Calculating 3D Density of States for a Dispersion Relation | Homework Solution

[Kara386]

Homework Statement

Calculate the single-particle density of states $g(\epsilon)$ for the dispersion relation $\epsilon(k) = ak^{\frac{3}{2}}$ in 3D. Use $g(k) = \frac{Vk^2}{2\pi^2}$.

Homework Equations

The Attempt at a Solution

This question is worth lots of marks. My solution is a few lines, so it must be wrong, but I have no idea why. So rearranging the dispersion relation gives
$k = (\frac{\epsilon}{a})^{\frac{3}{2}}$, so that $dk = \frac{3}{2a} \epsilon^{0.5} d\epsilon$.

$g(k)dk = \frac{Vk^2}{2 \pi^2} dk$
Sub in the expressions for k and dk:
$g(\epsilon)d\epsilon = \frac{V\epsilon^6}{2\pi^2a^6} \frac{3}{2a}\epsilon^{\frac{1}{2}}$
$= \frac{3V\epsilon^{\frac{13}{2}}}{4\pi^2a^7} d\epsilon$
And then you can look at that and go
$g(\epsilon) = \frac{3V\epsilon^{\frac{13}{2}}}{4\pi^2a^7}$

I've clearly missed something massive or a few massive things, so any help is very much appreciated! If it looks ok let me know, but I'm slightly paranoid that I'm getting more marks for this than something that required two pages of workings.

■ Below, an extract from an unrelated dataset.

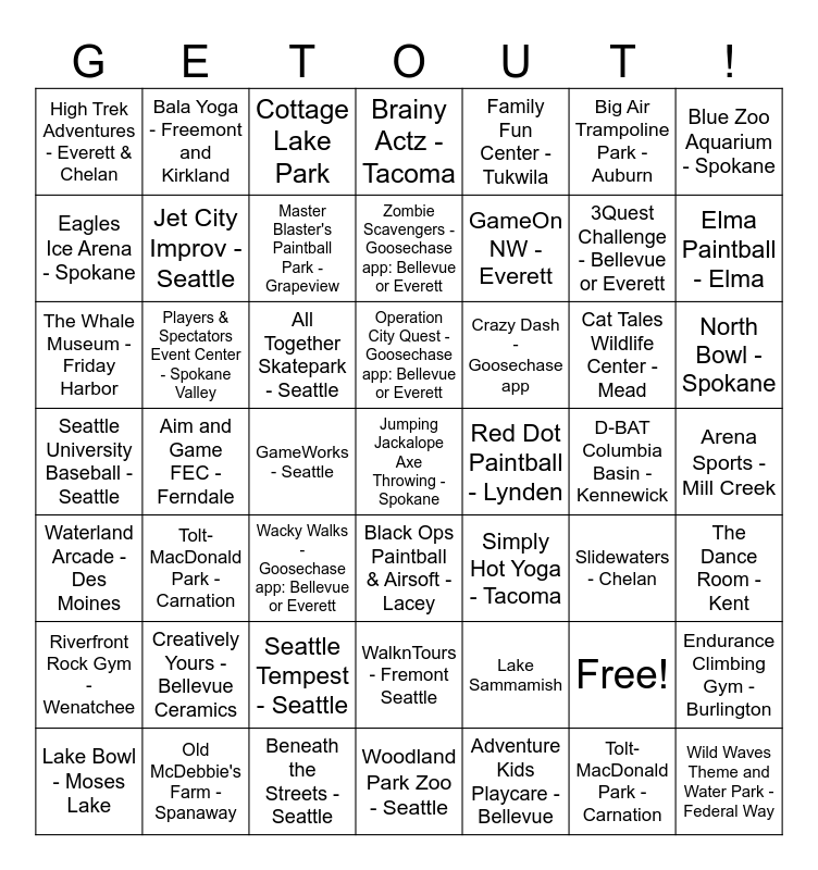 This bingo card has a free space and 49 words: Free!, 3Quest Challenge - Bellevue or Everett, Adventure Kids Playcare - Bellevue, Aim and Game FEC - Ferndale, All Together Skatepark - Seattle, Arena Sports - Mill Creek, Bala Yoga - Freemont and Kirkland, Beneath the Streets - Seattle, Big Air Trampoline Park - Auburn, Black Ops Paintball & Airsoft - Lacey, Blue Zoo Aquarium - Spokane, Brainy Actz - Tacoma, Cat Tales Wildlife Center - Mead, Crazy Dash - Goosechase app, Creatively Yours -Bellevue Ceramics, D-BAT Columbia Basin - Kennewick, Eagles Ice Arena - Spokane, Elma Paintball - Elma, Endurance Climbing Gym - Burlington, Family Fun Center - Tukwila, GameOn NW - Everett, GameWorks - Seattle, High Trek Adventures - Everett & Chelan, Jet City Improv - Seattle, Lake Bowl - Moses Lake, Master Blaster's Paintball Park - Grapeview, North Bowl - Spokane, Old McDebbie's Farm - Spanaway, Operation City Quest - Goosechase app: Bellevue or Everett, Players & Spectators Event Center - Spokane Valley, Puetz Golf - Seattle, Red Dot Paintball - Lynden, Riverfront Rock Gym - Wenatchee, Seattle Tempest - Seattle, Seattle University Baseball - Seattle, Simply Hot Yoga - Tacoma, Slidewaters - Chelan, The Dance Room - Kent, The Whale Museum - Friday Harbor, Wacky Walks - Goosechase app: Bellevue or Everett, WalknTours - Fremont Seattle, Waterland Arcade - Des Moines, Wild Waves Theme and Water Park - Federal Way, Woodland Park Zoo - Seattle, Zombie Scavengers - Goosechase app: Bellevue or Everett, Cottage Lake Park, Lake Sammamish, Tolt-MacDonald Park - Carnation and Tolt-MacDonald Park - Carnation.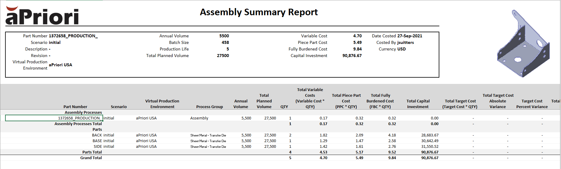 This report can be run for any fully costed assembly in aPriori, to show a top-level cost breakdown for the assembly and its subcomponents.

The only thing I can think is that the expressions I've been given aren't for 3D but looking on the internet they do seem to be 3D.

 

[TSny]

So rearranging the dispersion relation gives
$k = (\frac{\epsilon}{a})^{\frac{3}{2}}$

You made a mistake in solving for $k$ as a function of $\epsilon$.

Otherwise, I believe your general method is correct.